AY 2026-27 Minor Child Income Clubbing Checklist
Parents who have invested in fixed deposits, mutual funds, or other instruments in a minor child's name often discover at filing time that the income from those investments does not sit quietly in a separate return — it clubs into the parent's taxable income. The clubbing provisions under the Income Tax Act 1961 apply broadly, and for AY 2026-27, parents with FY 2025-26 minor-child income need to disclose it correctly, claim the available exemption, and ensure the AIS for the child's PAN (if any) is reconciled.
The real question parents are asking
Parents who search for this topic are usually not unfamiliar with clubbing in principle. What they want to know is: how much of the child's income is included in their return, which parent it clubs with, what the ₹1,500 per child per year exemption covers, and whether the child's own AIS or TDS certificate creates a separate reporting obligation.
A few things to resolve before filing. Check both parents' PAN-linked AIS entries — if the child's bank interest is picked up in the department's records, it must be accounted for. If the child has their own PAN and TDS has been deducted, the credit needs to flow to the correct parent's return through the ITR schedule, not disappear.
Pre-filing checklist
- Confirm the child was a minor throughout FY 2025-26, or identify the date of majority if they turned 18 during the year — income up to the date of majority clubs; income after that date does not.
- Pull the child's bank statement and investment account statement for the full year.
- Download the AIS for your own PAN and look for any interest or dividend that originates from the child's investments.
- If the child has a PAN and TDS was deducted on their bank interest, collect Form 16A or the TDS certificate in the child's name.
- Determine which parent's return the income clubs into — generally the parent with the higher income, unless the investment was made from the other parent's funds.
- Keep a written note recording which amounts were clubbed, in which parent's return, and why.
Documents to keep ready
| Document | Why it matters |
|---|---|
| child bank statement | Keep the latest copy and match names, dates, and amounts before relying on it. |
| investment statement | Keep the latest copy and match names, dates, and amounts before relying on it. |
| parent Form 16 | Keep the latest copy and match names, dates, and amounts before relying on it. |
| AIS | Keep the latest copy and match names, dates, and amounts before relying on it. |
| PAN and bank details | Useful for tax filing, refunds, benefit credits, and identity matching where applicable. |
| A short review note | Records what was checked, what is pending, and which official source was used. |
Where the trail breaks down
The most common problem is that TDS deducted under the child's PAN does not automatically appear in the parent's Form 26AS. The parent files the return and includes the clubbed income, but the TDS credit is sitting unclaimed because no one linked the child's TDS to the parent's return. This results in a refund that never comes, or worse, a notice for under-reporting of income if the clubbing was not disclosed at all.
The fix is straightforward but must be done before filing: note the child's TDS certificate details, include the clubbed income in the correct schedule of the parent's ITR, and claim the TDS credit using the facility provided in the utility. A CA review is worth it when the amounts are material.
Official source baseline
| Source | Link |
|---|---|
| Income Tax Department - AY 2026-27 ITR utilities | Open source |
| Income Tax Department - Income Tax Returns FAQs | Open source |
| Income Tax Department - Annual Information Statement | Open source |
| Income Tax Department - Tax Credit Mismatch FAQs | Open source |
| Income Tax Department - e-Verify Return FAQs | Open source |
MyeCA workflow
Use Form 16 parser as a preparation tool, then use Get Expert Tax Review if the file needs a document-based review. For adjacent reading:
Reviewer guidance
Confirm: profile (parent of minor child), child's age and PAN status, which parent's return the income clubs into, documents sighted, TDS credit handling, and whether the ₹1,500 exemption was correctly applied. Note any gap in the clubbing disclosure or TDS credit claim as a separate action point.

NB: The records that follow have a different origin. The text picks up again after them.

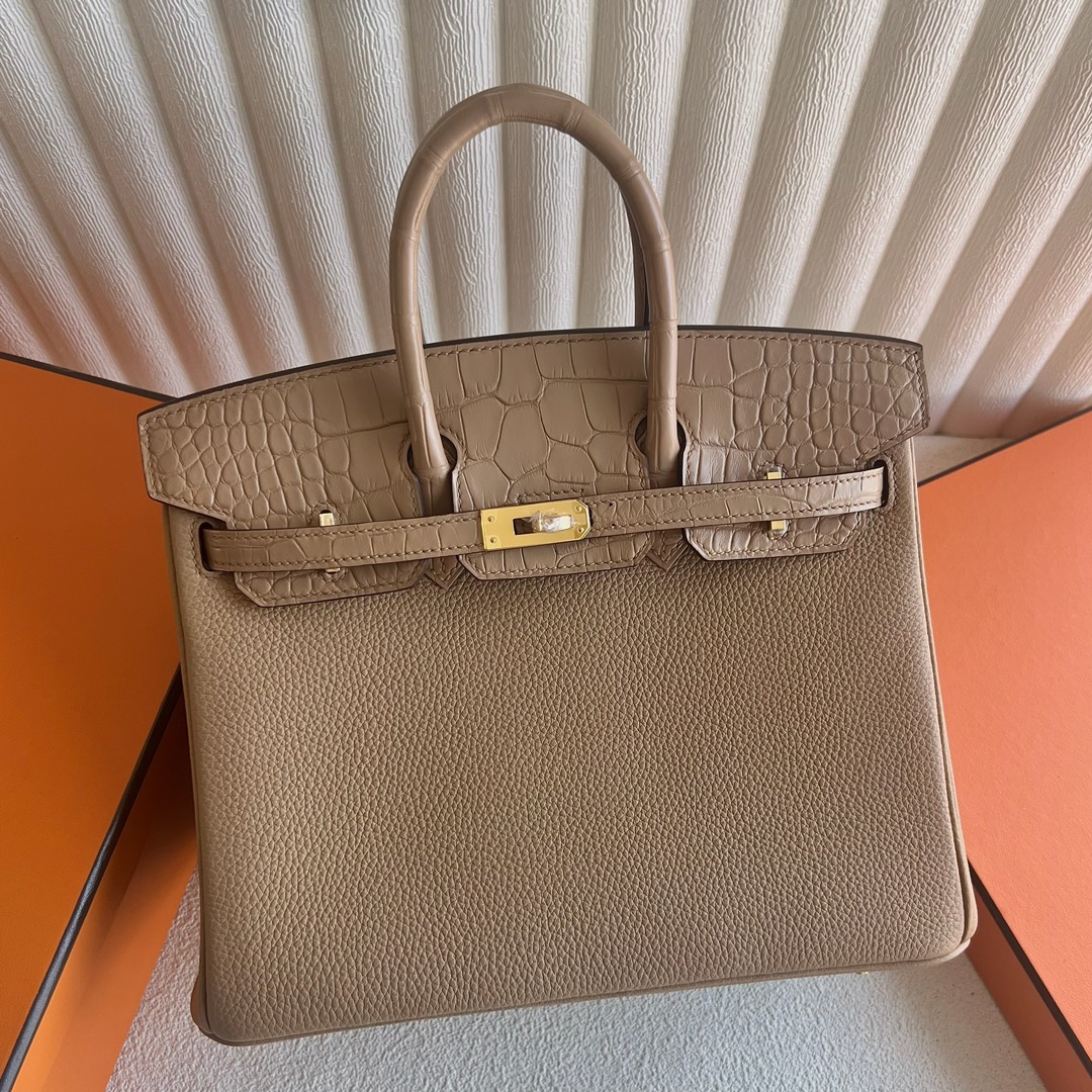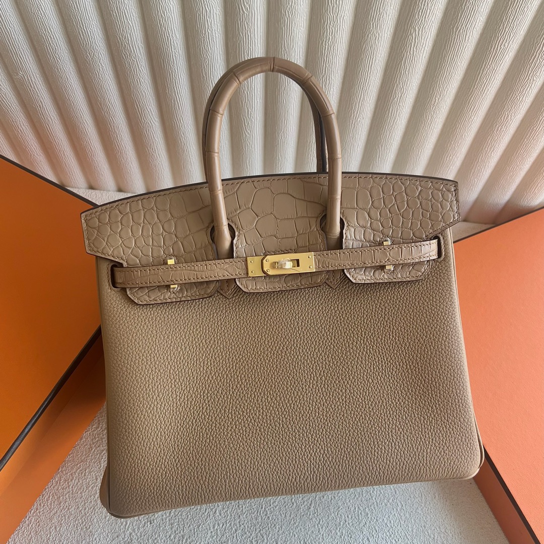 Hermes Birkin 25 Touch Togo And Matte Alligator crocodile Chai Gold Hardware
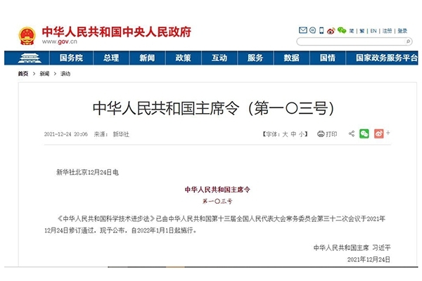 2021年12月24日,中華人民共和國第十三屆全國人民代表大會常務(wù)委員會第三十二次會議修訂通過了《中華人民共和國科學(xué)技術(shù)進步法》。自2022年1月1日起施行。
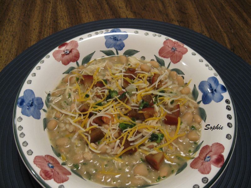 チリ(チリコンカン)はスーパーボウルには欠かせません。まあ他のスープ類でもピザでもいいのですが、とにかくCMの時に簡単に台所からもってこられるもの、といった感覚でしょうか。私はフットボールファンではないのですが、主人はじっくり観るので、この日はテーブルに座って食事はできません。もっとも、息子が成長して出ていってからは、もっぱらテレビの部屋での夕食が多いのですが。ともかく、今日のチリレシピは、鶏肉を使った「ホワイトチリ」になっています。以前にも「チキン・チリ」のレシピを載せているので、今回にものと比べてみてください。煮豆は白いものだったら何でもかまいません。(6〜8人分)

Frequently asked questions
Is this article a substitute for professional advice?
No. Use it as an educational checklist and get case-specific review where documents, income heads, or eligibility are unclear.
Which year does this AY 2026-27 guide cover?
AY 2026-27 generally relates to FY 2025-26 income, subject to the facts of the taxpayer and official filing utility rules.
What should I check before filing?
Check the ITR form, tax regime, AIS, Form 26AS, TDS certificates, bank details, and the documents supporting the income or deduction.
Bottom line
Minor child income clubbing is straightforward in principle but messy in practice once multiple investments, TDS deductions, and two parents' returns come into the picture. Gather the child's financial records first, then decide how to disclose and where the TDS credit goes. Document your reasoning. If the amounts are significant, a professional review before filing is the simpler option.